■ EXERCISE REQUIREMENTS ■
Pictures stay out of the copy. Retype exactly the lines below from the one with "One Button Blazer Wide Leg Pants - Brown" through the one with "The Anker Advantage: Join".

(Saved entries)
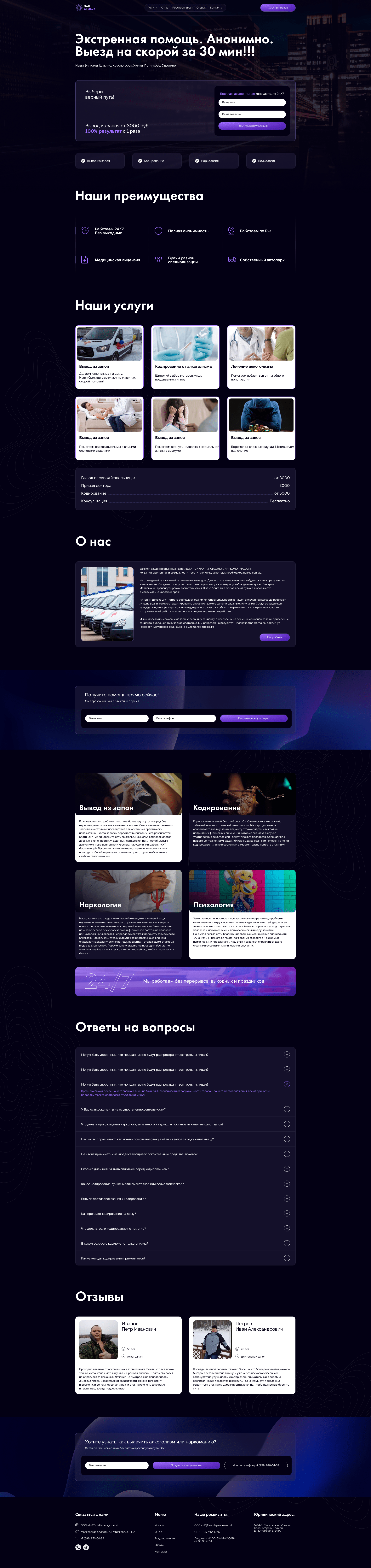 Цель: Наша задача заключалась в разработке современного и информативного веб-сайта для ПАН СРЫВ24. Основная цель – создать удобную платформу, которая предоставит пациентам и их родственникам доступ к полной информации об услугах клиники, методах лечения и условиях пребывания, а также поможет установить доверие к профессионализму сотрудников.
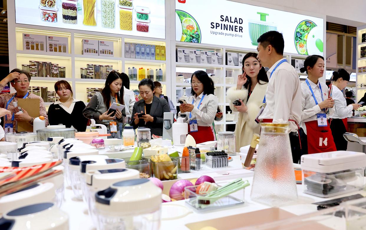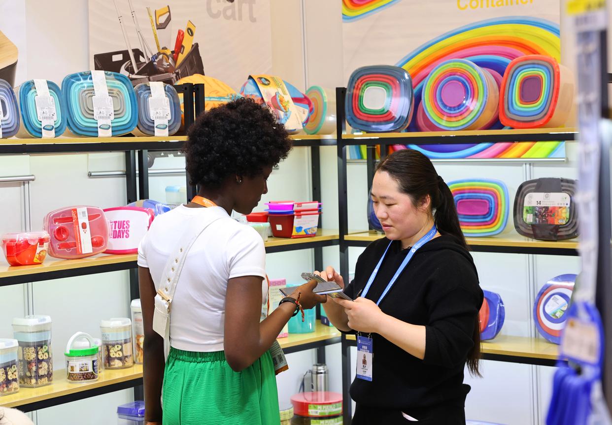 3月1日,人們在第33屆華交會一處家庭用品展位交流。新華社記者 方喆 攝
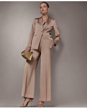 One Button Blazer Wide Leg Pants - Brown
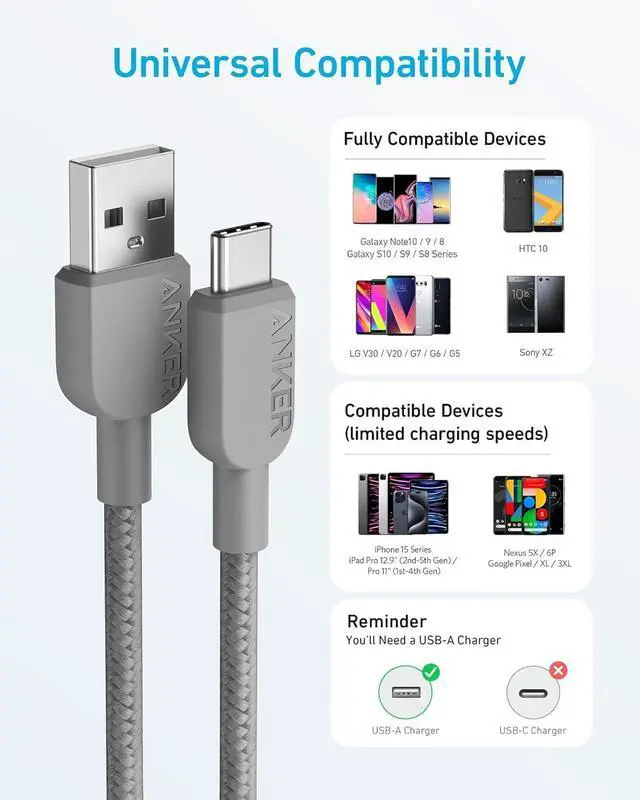 The Anker Advantage: Join the 80 million+ powered by our leading technology Reliable charging: USB-IF compliant for safe, reliable charging for virtually any USB-c device Built to Last: Proven in strict laboratory tests to withstand up to 10,000 bends Fast Sync & charge: Supports fast charging up to 15W (3A5V) and data transfer speeds up to 480Mbps (Not compatible with Power Delivery) What You get: Anker 310 USB-A to USB-c cable (6 ft Braided) - 2 pack, our worry-free 24-month warranty, and friendly customer service
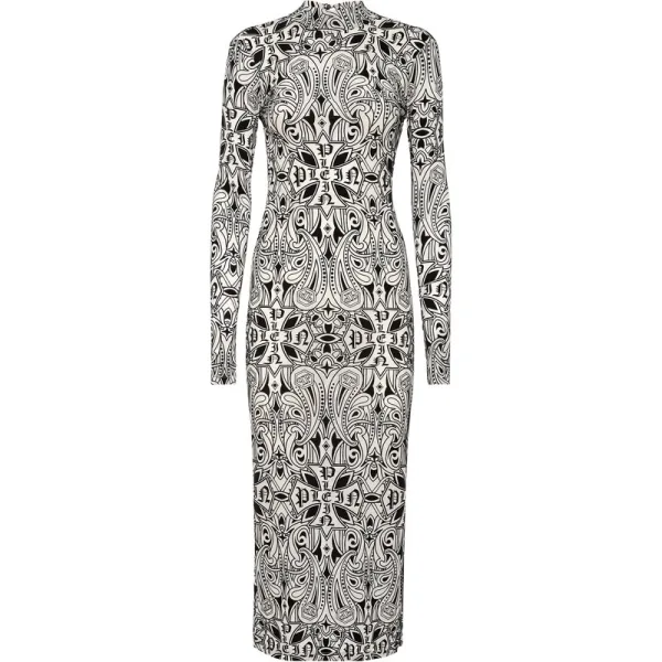 Als je van glamour houdt, raden we je deze midi-jurk aan die speelt met contrasterende effecten. Ontdek de aandacht voor detail. Stretch polyester tule Stof versierd met all-over flocked motieven Open rug Knoopsluiting achter in de nek Schouders benadrukt door interne vulling
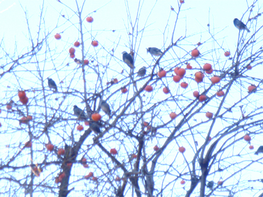 柿の木にもムクドリさん御一行が鈴なりで、20羽くらいは居ましたよ。
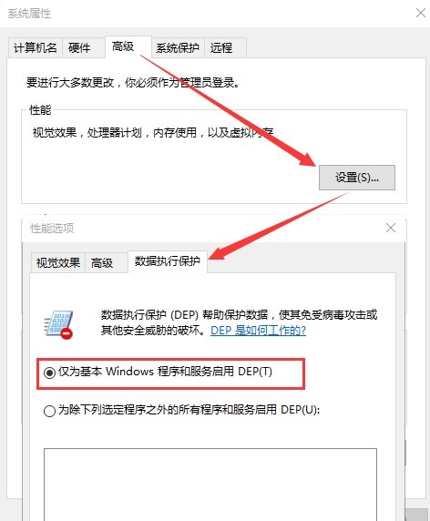 请确保电脑的数据执行保护为关闭状态: win键+R键调出“运行”对话框,输入sysdm.cpl→确定→高级→第一个设置按钮→数据执行保护,选中“仅为基本windows程序和服务启用DEP”确定,重启电脑。
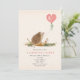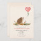 Um convite de festa de São Valentim com uma ilustração de cogumelos com balão em forma de coração rosa e ouriço.
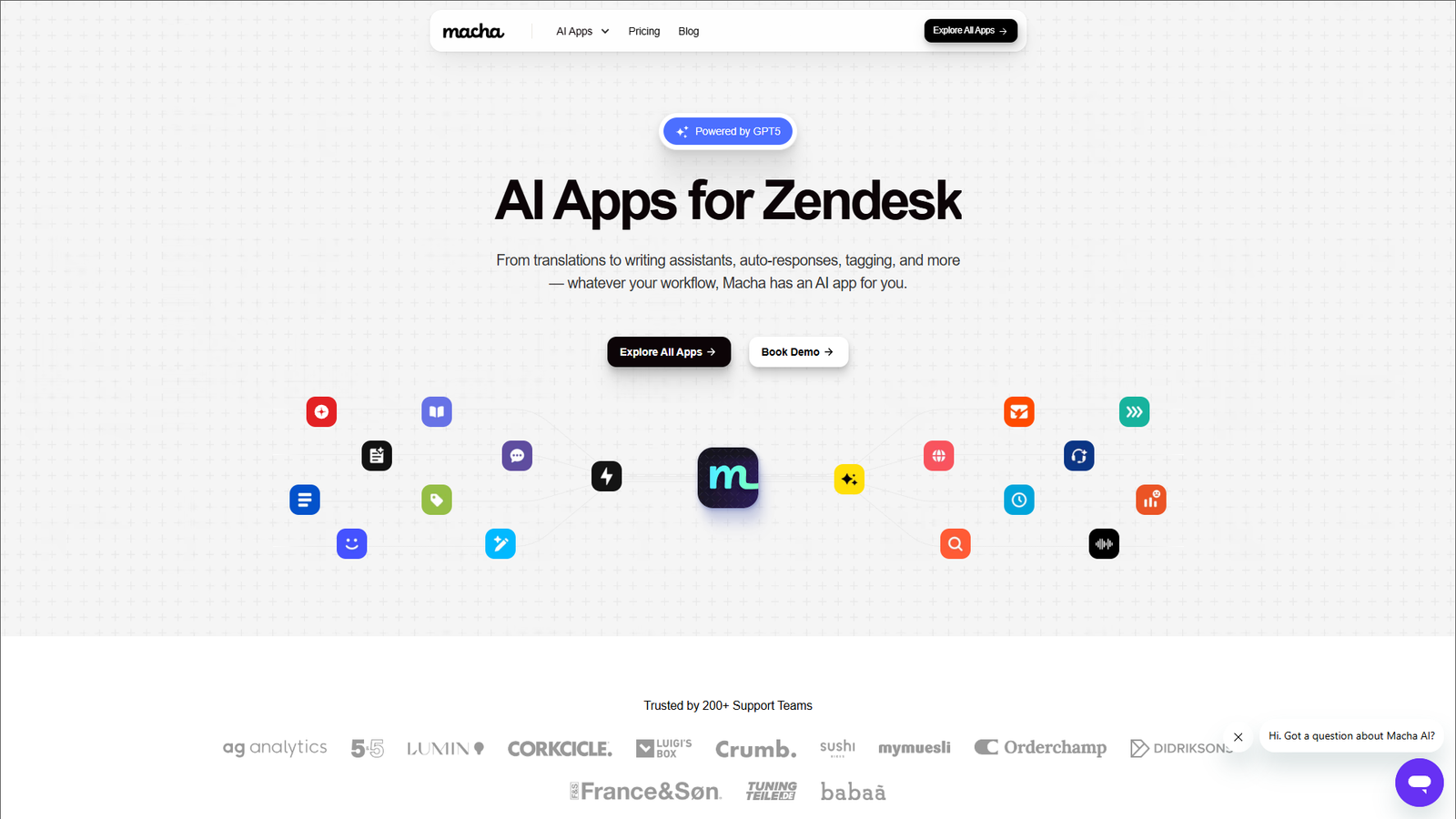 Macha AI — это набор AI-приложений для Zendesk, созданных для ускорения и автоматизации работы службы поддержки. Сервис помогает командам поддержки отвечать быстрее, точнее и на разных языках, не меняя привычный интерфейс Zendesk.

■ TASK ANSWER ■
 One Button Blazer Wide Leg Pants - Brown
 The Anker Advantage: Join the 80 million+ powered by our leading technology Reliable charging: USB-IF compliant for safe, reliable charging for virtually any USB-c device Built to Last: Proven in strict laboratory tests to withstand up to 10,000 bends Fast Sync & charge: Supports fast charging up to 15W (3A5V) and data transfer speeds up to 480Mbps (Not compatible with Power Delivery) What You get: Anker 310 USB-A to USB-c cable (6 ft Braided) - 2 pack, our worry-free 24-month warranty, and friendly customer service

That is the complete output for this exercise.